The Scottish Green Party originated as the Scottish branch of the Ecology Party, founded in 1978 by Leslie Spoor.[11] The Ecology Party became the UKGreen Party and it remained a constituent party until 1990, when the Scottish Green Party became a separate entity.
The separation was entirely amicable, as part of the green commitment to decentralisation. The predecessor party opposed Britain's entry into the European Common Market in its 1989 European election manifesto, claiming that the Common Market would cause mass unemployment for Scottish workers, force Scotland to move towards a tourist-based economy, enable the destruction of local food markets and cause catastrophic environmental damage.[13] Instead, it campaigned for a Europe-wide confederation of individuals on global issues affecting the environment.
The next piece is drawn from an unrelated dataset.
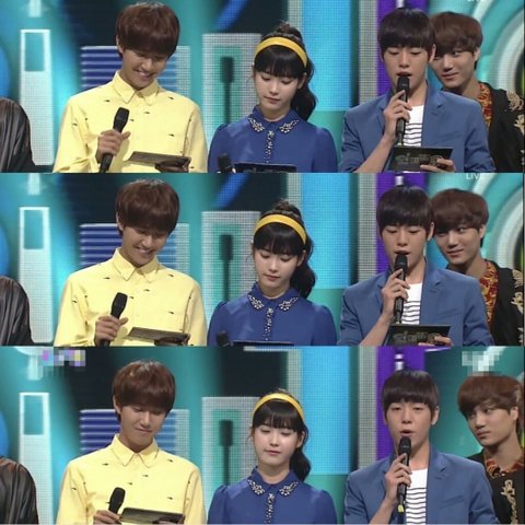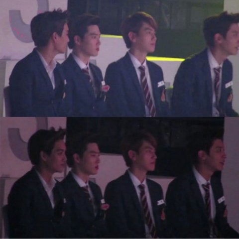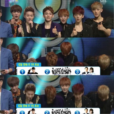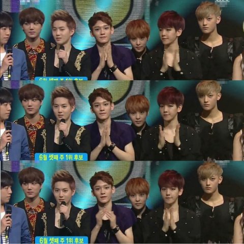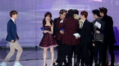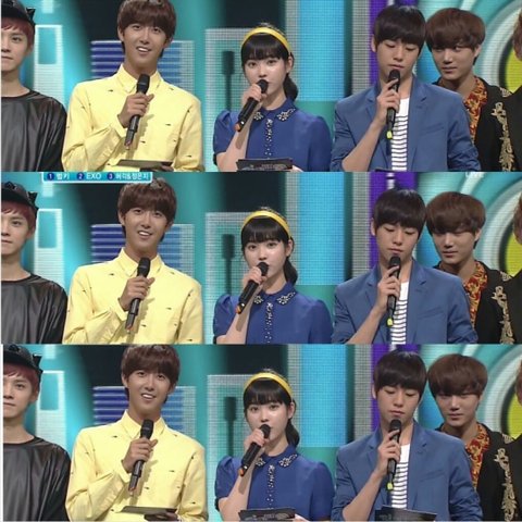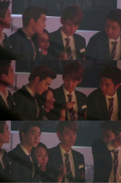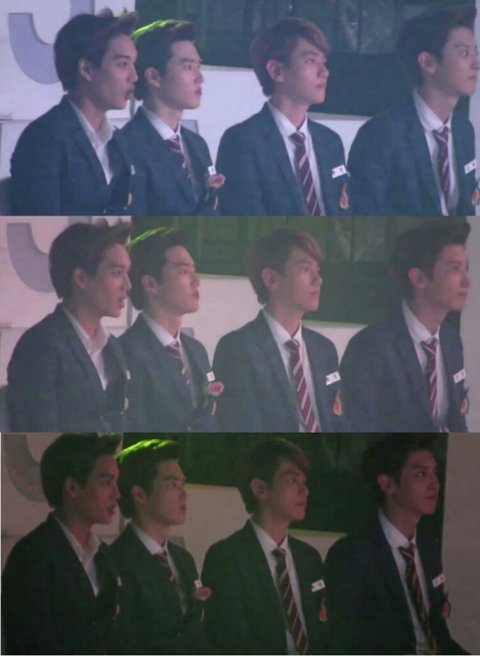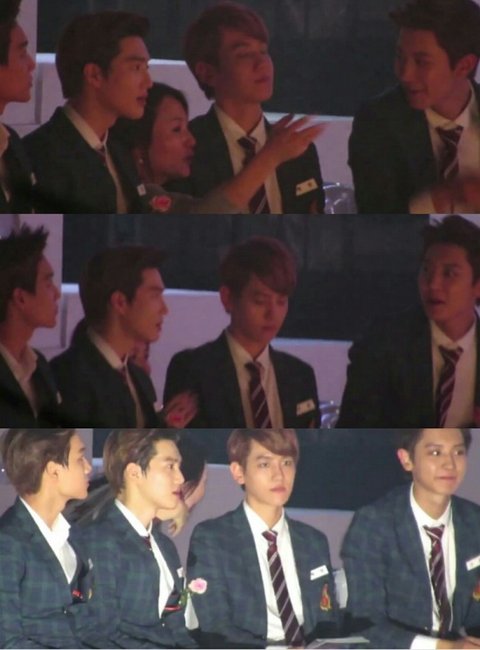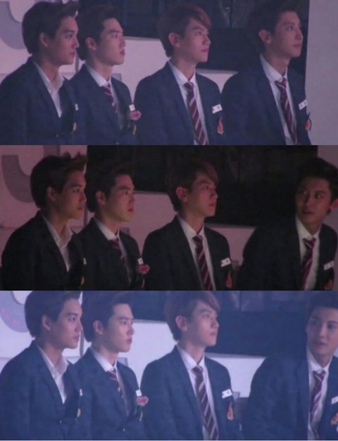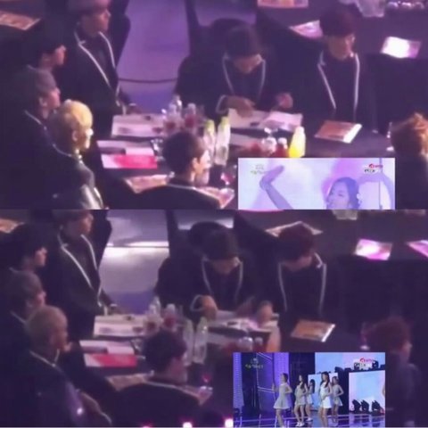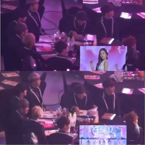 엑소멤버들은 분홍신무대를 mc석에서 직접 보고 있었음

The 1990 Highland Regional Council election gave the Greens their first ever councillor in the UK.[14] Roger (aka Rory) Winter, representing the Highland Green Party (Known in Scottish Gaelic as Uainich na Gàidhealtachd), was elected in Nairn. However, Cllr Winter broke away from the Greens in 1991 and continued his four-year term as an Independent Green Highlander.
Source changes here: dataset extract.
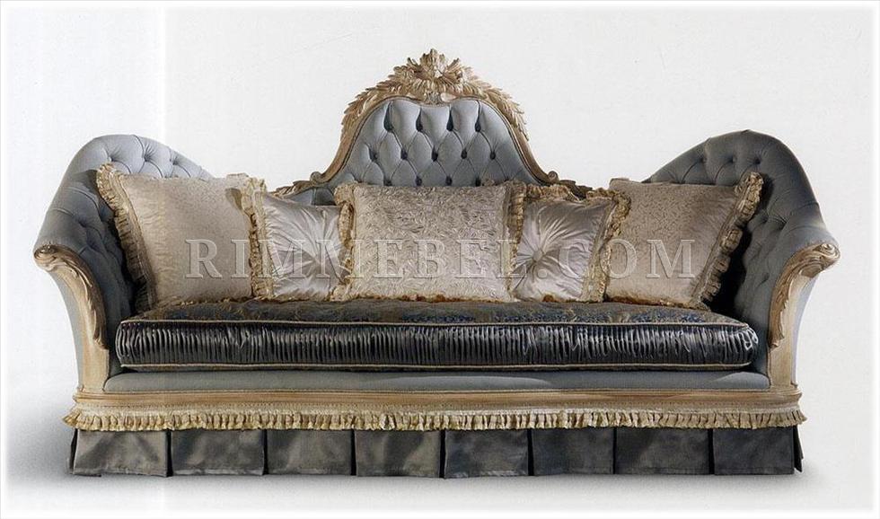 3-х местный диван с фигурной спинкой и ламбрекеном. Наполнение - полиуретан. Декорирован резьбой ручной работы. Возможны другие варианты обивки и отделки.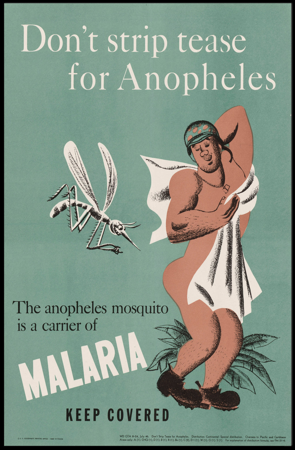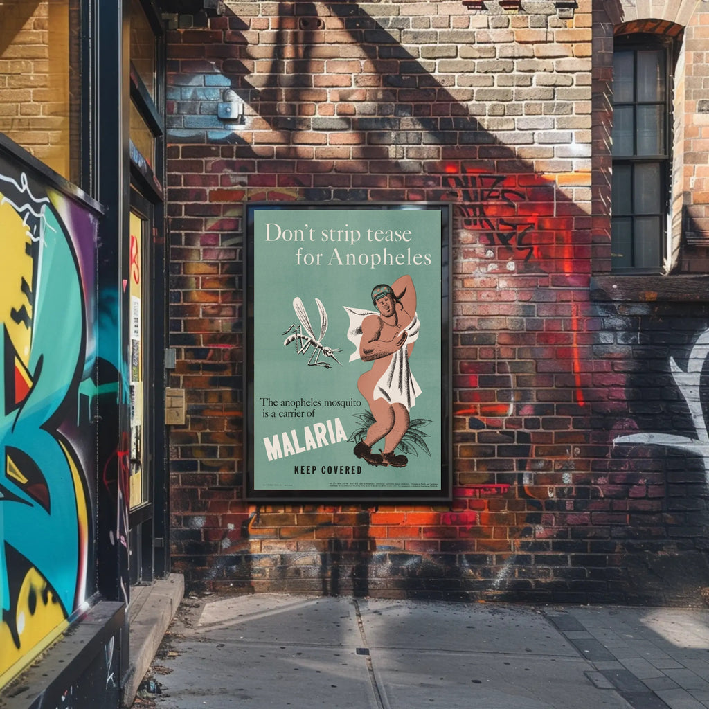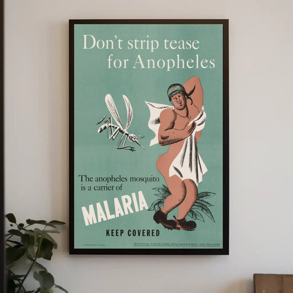 This unique vintage poster delivers a public health warning about malaria prevention with a playful twist. It humorously advises against exposing skin to Anopheles mosquitoes, cleverly using the phrase "Don’t strip tease for Anopheles." The poster is adorned with bold, mid-20th century illustrations of a stylized mosquito and a person wrapped in a towel, creatively capturing attention while emphasizing a serious message. The artistic style blends humor with caution, making it a collectible piece for public health enthusiasts and vintage art lovers. Ideal for educational spaces, this poster holds both visual and historical significance.

In 1997, the Green parties of the United Kingdom were described as "stunningly unsuccessful" as despite the strength of the environmental movement, and their status as the oldest green parties in Europe, they had as yet no electoral success.[15][16]
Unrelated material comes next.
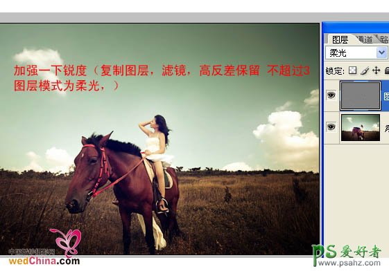 > 其它 > 高反差保留,数值不超过3,确定后把图层混合模式改为“柔光”。

In the 2003 Scottish Parliament election, the Scottish Greens added six new MSPs to their previous total.[17] The result was a surprise for the party, with newly elected MSP, and party election co-ordinator credited the 'Second Vote Green' message, lack of confidence in the SNP, and Harper's leadership.[18] However, the party was still small, with its 2001 conference attracting just 35 members. In the Scottish Parliament's post-election briefing, political scientist John Curtice warned that the focus on the 'Second Vote Green' strategy made the party's vote fragile, and depended on voters seeing the election as unimportant.[19]
Afterwards, Harper stood for election for First Minister, securing six votes.[20]
We had very little money, few activists outside Edinburgh and Glasgow, a tiny and damp national office, two paid staff members, and generally had to beg or borrow resources (including sometimes having to rely on the WiFi from the Pub across the road to send press releases)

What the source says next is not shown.